In the letter released Tuesday, Riley noted each of the allegations made by Oreskovich, including a claim that jurors had watched media reports in the Yakima hotel where many of them stayed.
“There was NO indication – subtle or direct – that could lead to the conclusion that any of the jurors in the room had learned from news reports, or any source, that Mr. Zehm had a mental condition,” she wrote.
Van Sickle prohibited any mention during the trial that Zehm was diagnosed with paranoid schizophrenia and was mentally delayed, saying jurors could know only what Thompson could have reasonably known at the time of the encounter.
Nonetheless, jurors sent a note to the judge after seeing security footage of the fatal confrontation asking for more information about Zehm, specifically whether he suffered from mental illness or was high on drugs at the time. Van Sickle told them they could only consider information presented during the trial.
“It is my opinion that whether or not the jurors staying in the Yakima hotel actually saw the news about Mr. Zehm’s mental condition or not is irrelevant; the notion of the victim’s mental illness was not weighed in our decision in finding the verdict,” she wrote. “We agreed unanimously that we COULD NOT use Mr. Zehm’s mental condition as a factor to find Mr. Thompson guilty or not.”
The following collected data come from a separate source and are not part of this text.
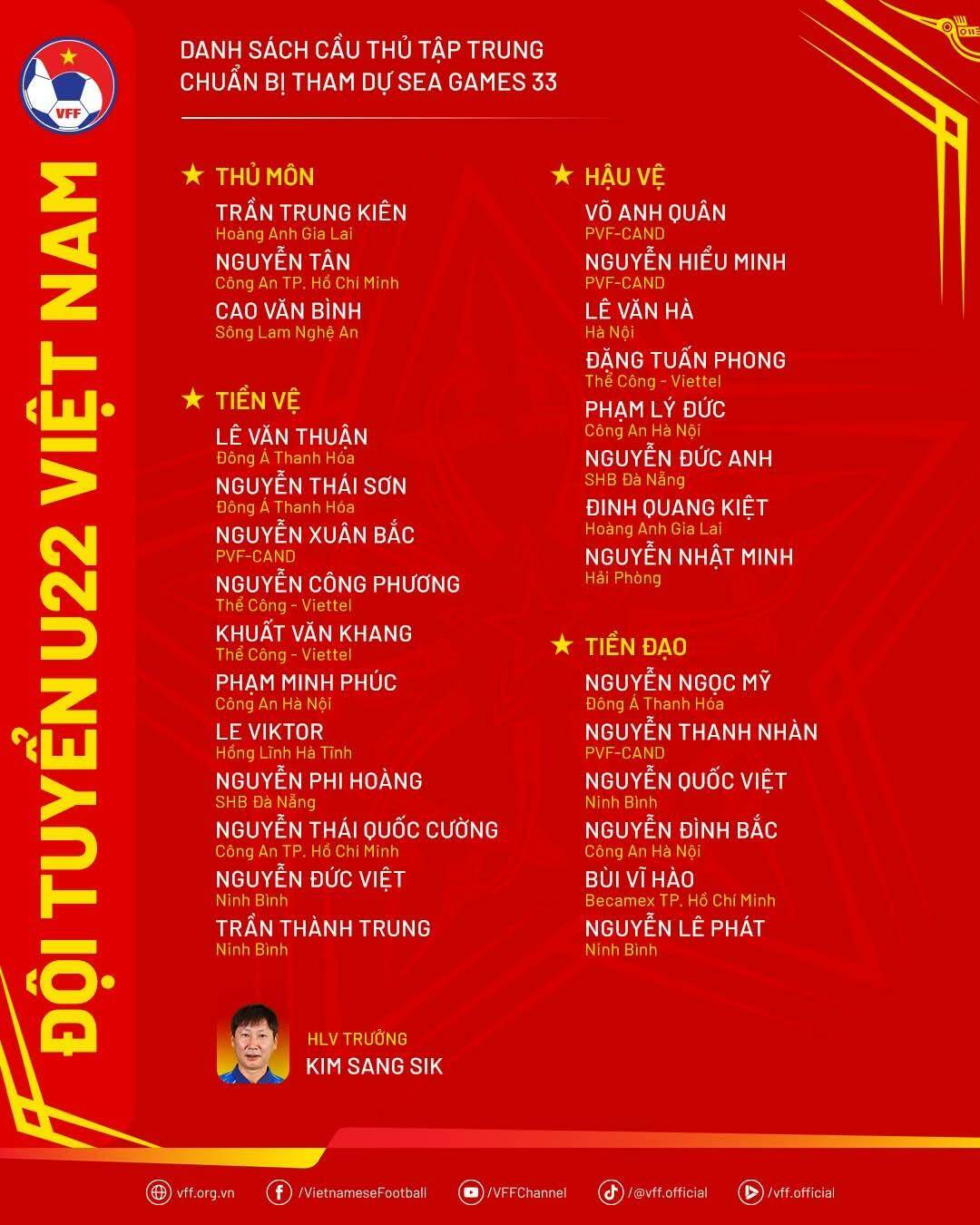 Trong danh sách chính thức chuẩn bị cho SEA Games 33, huấn luyện viên Kim Sang Sik tiếp tục đặt niềm tin vào những gương mặt đã gắn bó với U22 Việt Nam từ đầu năm 2024. Danh sách triệu tập không có nhiều xáo trộn, với sự góp mặt của các cầu thủ như Trung Kiên, Nguyễn Hiểu Minh, Nguyễn Nhật Minh, Phạm Lý Đức, Nguyễn Phi Hoàng, Võ Anh Quân, Khuất Văn Khang, Nguyễn Xuân Bắc, Nguyễn Thái Sơn, Viktor Lê, Nguyễn Thanh Nhàn, Nguyễn Quốc Việt, Lê Văn Thuận và Nguyễn Đình Bắc. Sự ổn định này là nền tảng giúp đội tuyển gặt hái thành công, như chức vô địch U23 Đông Nam Á 2025 và tấm vé dự VCK U23 châu Á 2026.
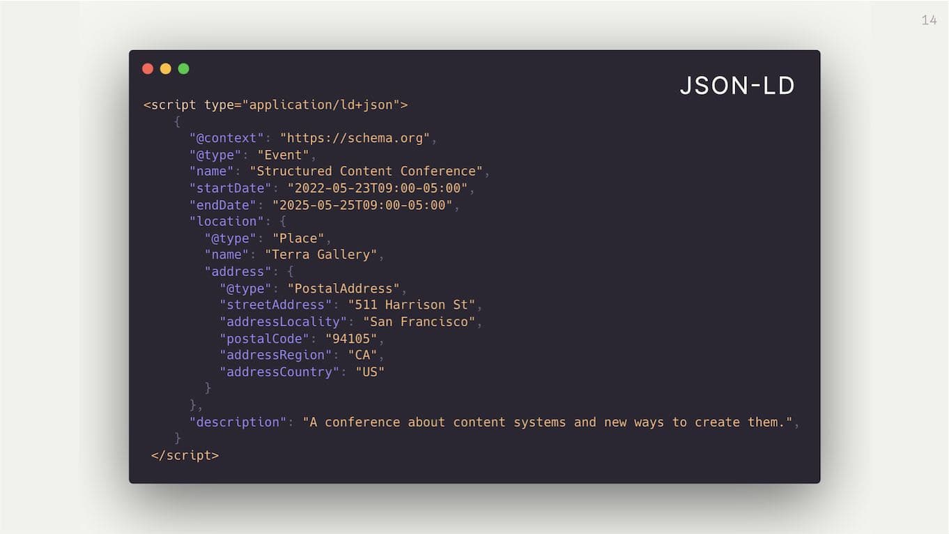 ...by adding structured data. This simply means labelling this content in a way computers can understand. We can programmatically declare a type on it.
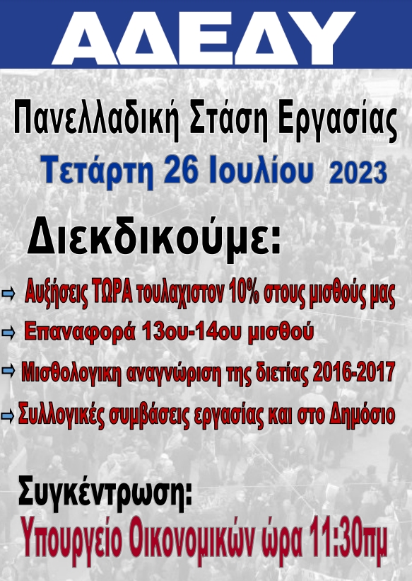 Η Εκτελεστική Επιτροπή της Α.Δ.Ε.Δ.Υ. με αφορμή την κατάθεση του νομοσχεδίου «Ενίσχυση του εισοδήματος των μισθωτών, των νέων, της οικογένειας και της εργασίας – συνταξιοδοτικές ρυθμίσεις» και την ψήφισή του την επόμενη βδομάδα από τη Βουλή, αποφάσισε την κήρυξη πανελλαδικής στάσης εργασίας την Τετάρτη 26 Ιουλίου 2023 (μέρα ψήφισης του νομοσχεδίου) από τις 11.00πμ μέχρι τη λήξη του ωραρίου και την πραγματοποίηση συγκέντρωσης διαμαρτυρίας την ίδια μέρα στις 11.30πμ στο Υπουργείο Οικονομικών (Νίκης 5-7). Καλούμε τα  Νομαρχιακά Τμήματα της Α.Δ.Ε.Δ.Υ. να οργανώσουν αντίστοιχες συγκεντρώσεις σε όλη τη χώρα.
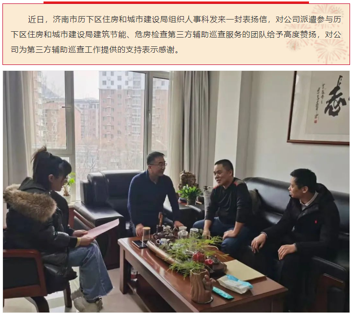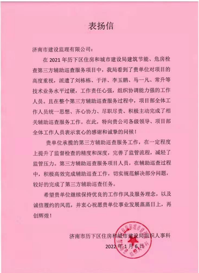 點(diǎn)贊!公司第三方輔助巡查服務(wù)團(tuán)隊(duì)獲歷下區(qū)住房和城市建設(shè)局組織人事科來信表?yè)P(yáng)
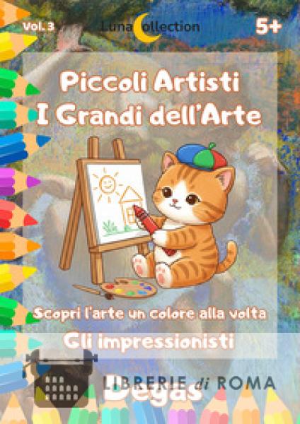 Benvenuti nel mondo elegante e in movimento di Edgar Degas, il pittore che amava immortalare ballerine e cavalli! Questo è il terzo entusiasmante volume della nostra collana "Piccoli Artisti - I Grandi dell'Arte", firmata Luna Collection, dove i bambini scopriranno la magia della danza e del movimento attraverso l'arte. Preparate pastelli, pennarelli e tanta grazia: l'arte è uno spettacolo! In questo libro, i piccoli artisti scopriranno 10 delle opere più famose e coinvolgenti di Degas, attentamente scelte per la loro bellezza e la semplicità delle forme in movimento da colorare. Il formato è il nostro punto di forza! Su ogni doppia pagina, i bambini troveranno a sinistra l'opera originale di Degas a colori, un vero e proprio invito all'osservazione. A destra, invece, lo stesso quadro attenderà, trasformato in un disegno al tratto pronto per essere riempito di vita! I piccoli artisti potranno scegliere: copiare i colori del maestro per imparare le sfumature, oppure dare libero sfogo alla propria creatività, inventando combinazioni uniche e personali. Età di lettura: da 5 anni. Il volume dedicato a Edgar Degas introduce i bambini nel mondo della danza, del teatro e del movimento, attraverso lo sguardo di uno dei protagonisti dell'Impressionismo. Una selezione di opere raffigura ballerine alla sbarra, durante le prove o in scena, ma anche cavalli, musicisti e momenti dietro le quinte, restituendo l'idea di un'arte fatta di grazia e insieme di impegno e concentrazione. Ogni doppia pagina presenta l'immagine a colori del dipinto e la relativa tavola da colorare, invitando i bambini a osservare posture, gesti e linee dei corpi, per poi reinterpretarli cromaticamente in modo personale. I brevi testi di accompagnamento, dal taglio narrativo ma rigoroso, spiegano chi era Degas, perché amava osservare la danza e come riusciva a "fermare" il movimento nei suoi quadri, stimolando nei piccoli lettori curiosità, attenzione al dettaglio e capacità di lettura dell'immagine. Il volume si presta a percorsi educativi su corpo, espressività e disciplina artistica: le scene di danza diventano spunto per lavorare su emozioni, autocontrollo, collaborazione e rispetto delle regole comuni, offrendo a scuole, biblioteche e laboratori un supporto efficace per progetti in cui arte visiva e movimento dialogano tra loro. Questo volume è pensato come strumento operativo per contesti educativi della scuola dell'infanzia e primaria. Favorisce lo sviluppo della motricità fine e della coordinazione occhio?mano attraverso attività di coloritura guidata ma non imitativa; promuove l'osservazione attenta di luce, forme e colori, introducendo in modo intuitivo concetti base di educazione all'immagine e alla storia dell'arte. Il percorso stimola inoltre linguaggio, narrazione e pensiero simbolico: ogni opera diventa occasione per raccontare, interpretare, collegare emozioni e vissuti personali al paesaggio rappresentato, inserendosi efficacemente in progetti didattici interdisciplinari. Età di lettura: da 5 anni.
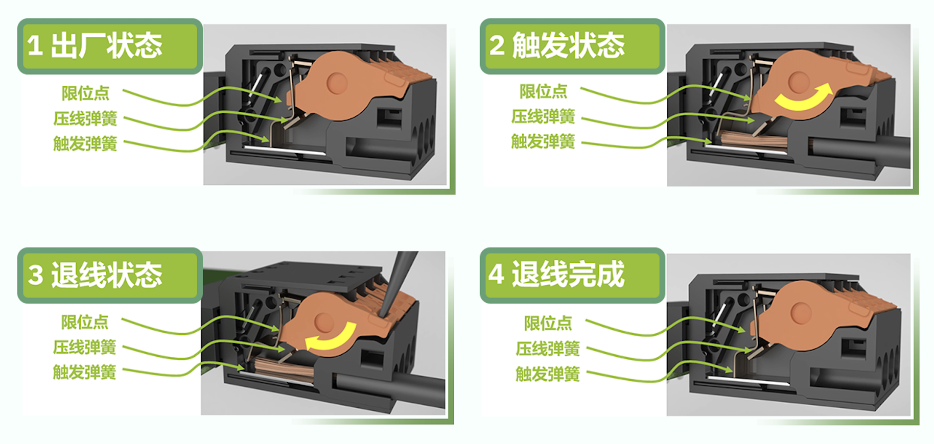 Push-X觸發(fā)式直插彈簧連接技術,內(nèi)置觸發(fā)式彈簧機構,出廠時內(nèi)部觸發(fā)彈簧已經(jīng)蓄能待發(fā),當導線插入觸發(fā)后,即可快速鎖緊導線,并伴隨清晰“咔噠聲”以及外部按鈕顯著抬升,提示接線到位;通過按鈕將觸發(fā)彈簧復位,即可高效輕松退線。

Oreskovich did not reply to an interview request to respond to Riley’s concerns.
In her letter, Riley explained how the jury decided that Thompson had committed a “willful” act “in committing premeditated excessive force” when he confronted Zehm.
“Mr. Thompson was tried and found guilty by a fair, honest and intelligent jury of his peers,” she wrote. “As I tried to express in my public comment, it is indeed a very sad ending to Mr. Thompson’s long career; but the court should not allow counsel to misconstrue the expressions of sympathy for another human being to be the basis for overshadowing the pragmatic process used by jury members to find a verdict.
“Mr. Thompson cannot be allowed to stand above the very law he has taken an oath to uphold.”